[PROBLEM REQUIREMENTS]
Restate the following data in its entirety, word for word and without images.

[STORED DATA]
---+---
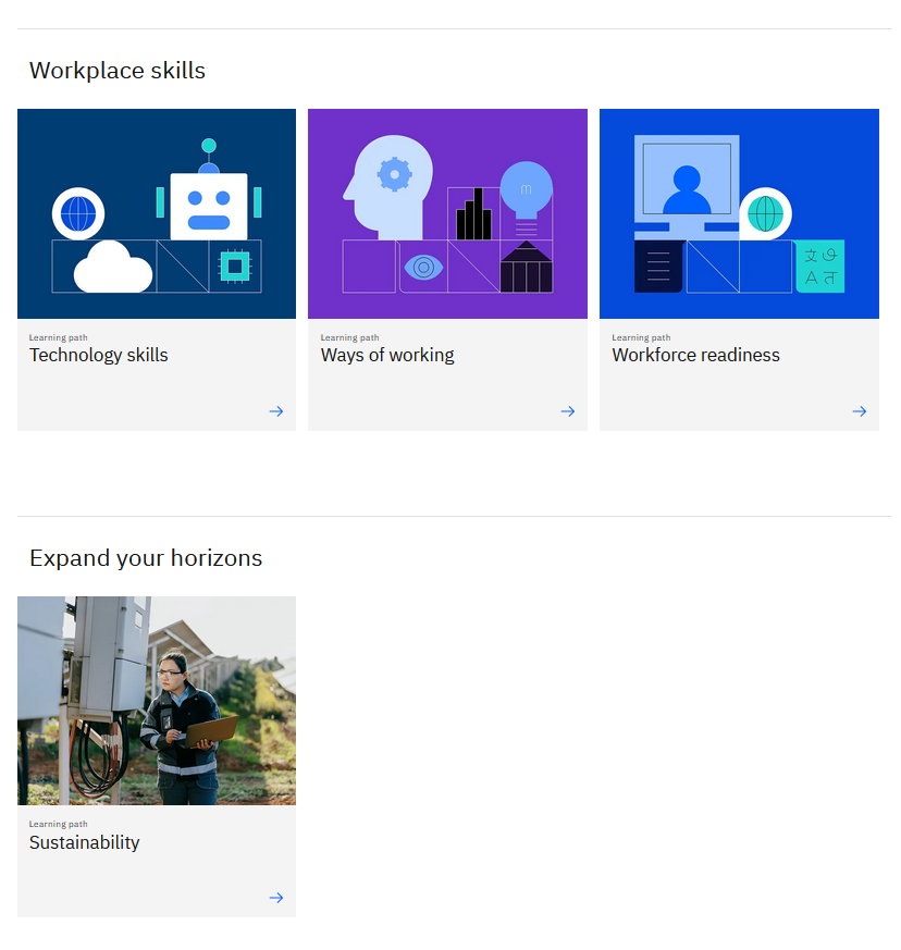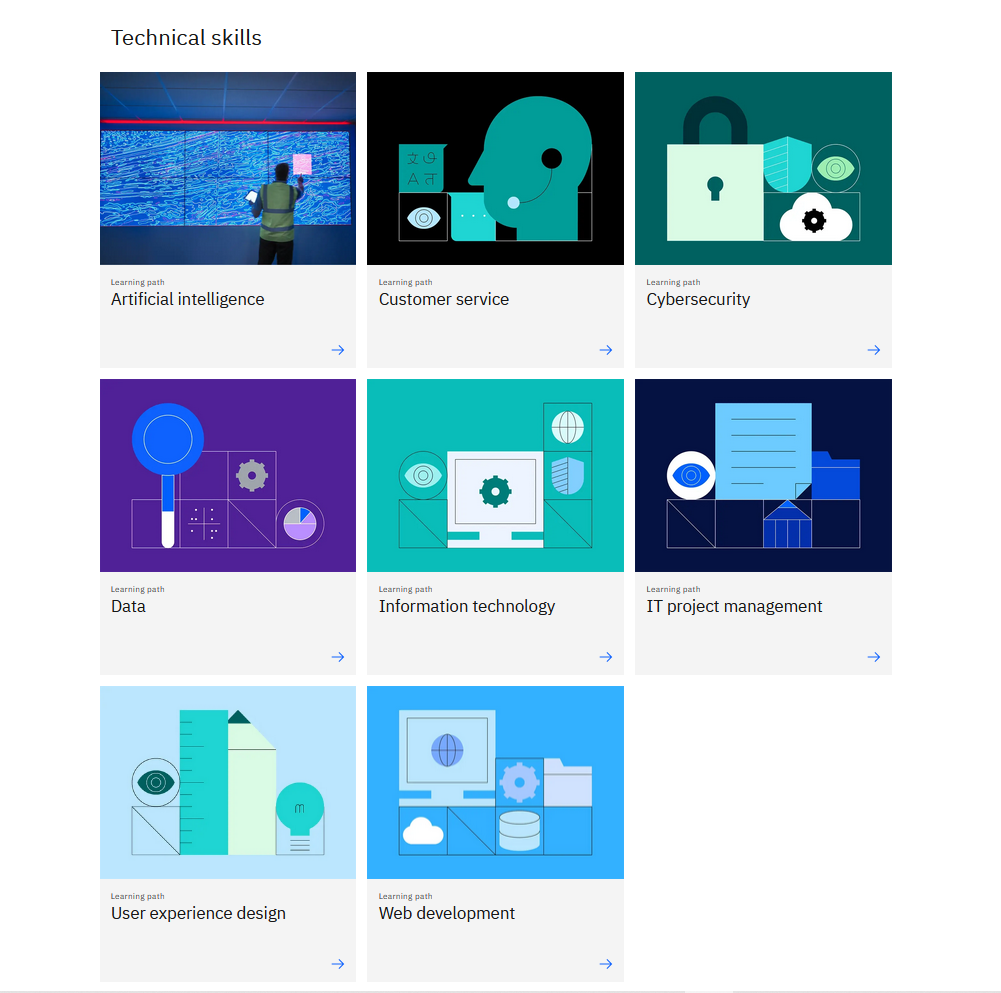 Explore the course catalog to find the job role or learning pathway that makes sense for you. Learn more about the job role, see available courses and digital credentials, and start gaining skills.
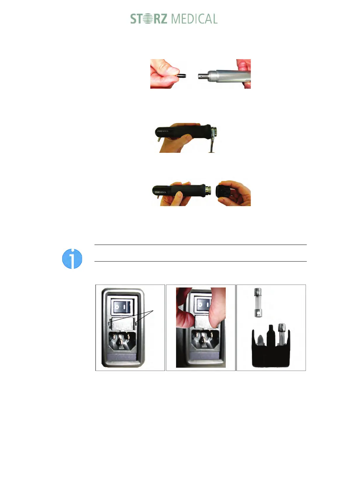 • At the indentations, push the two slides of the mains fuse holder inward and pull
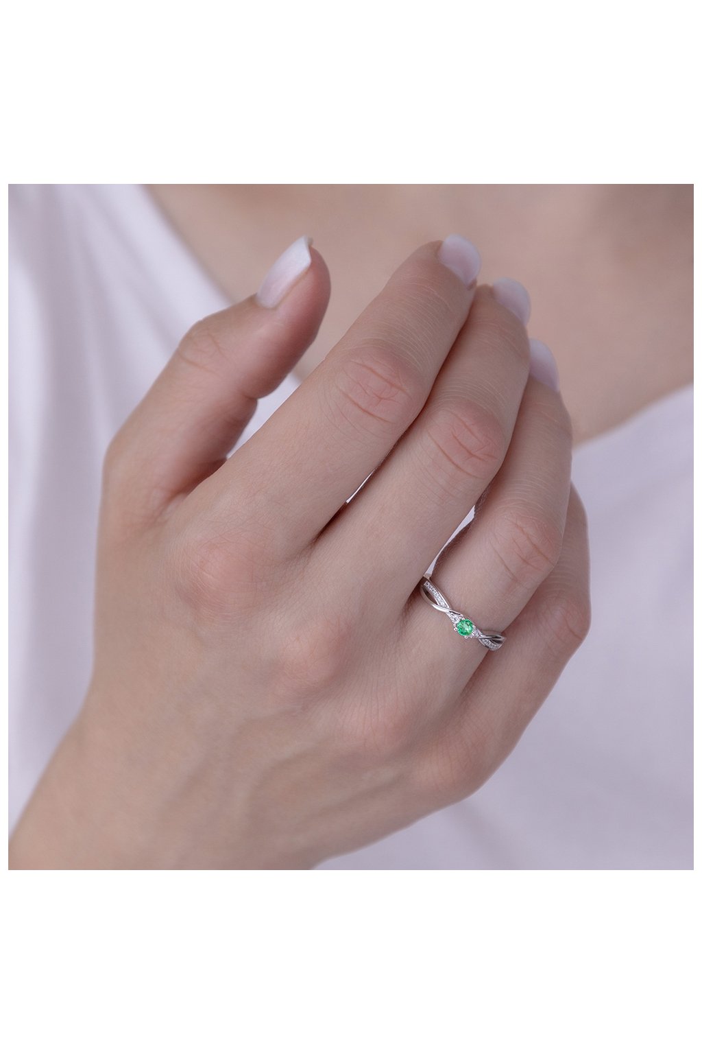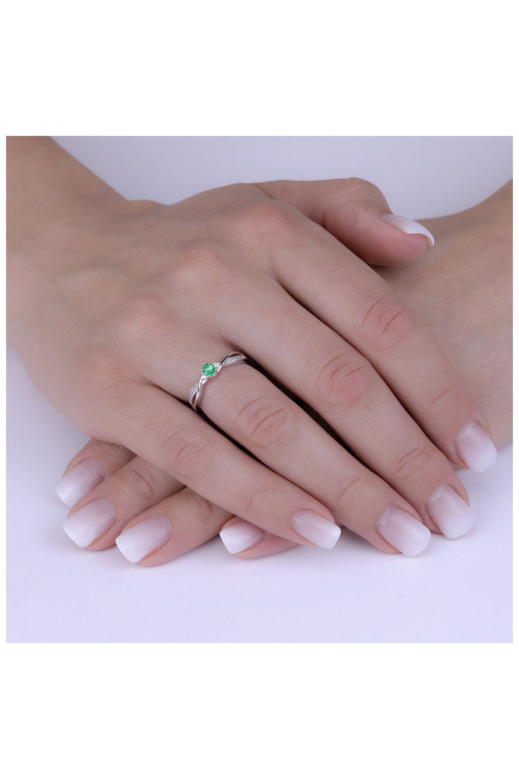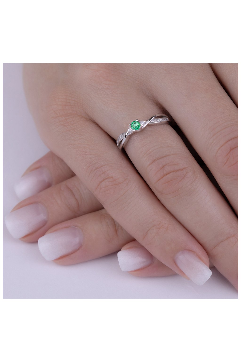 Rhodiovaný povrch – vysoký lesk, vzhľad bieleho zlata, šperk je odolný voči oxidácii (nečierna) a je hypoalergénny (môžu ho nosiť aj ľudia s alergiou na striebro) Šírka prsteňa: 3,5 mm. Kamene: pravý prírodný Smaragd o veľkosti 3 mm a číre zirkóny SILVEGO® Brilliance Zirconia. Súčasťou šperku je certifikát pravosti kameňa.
---+---
[EXPECTED ANSWER]
 Explore the course catalog to find the job role or learning pathway that makes sense for you. Learn more about the job role, see available courses and digital credentials, and start gaining skills.
 • At the indentations, push the two slides of the mains fuse holder inward and pull
 Rhodiovaný povrch – vysoký lesk, vzhľad bieleho zlata, šperk je odolný voči oxidácii (nečierna) a je hypoalergénny (môžu ho nosiť aj ľudia s alergiou na striebro) Šírka prsteňa: 3,5 mm. Kamene: pravý prírodný Smaragd o veľkosti 3 mm a číre zirkóny SILVEGO® Brilliance Zirconia. Súčasťou šperku je certifikát pravosti kameňa.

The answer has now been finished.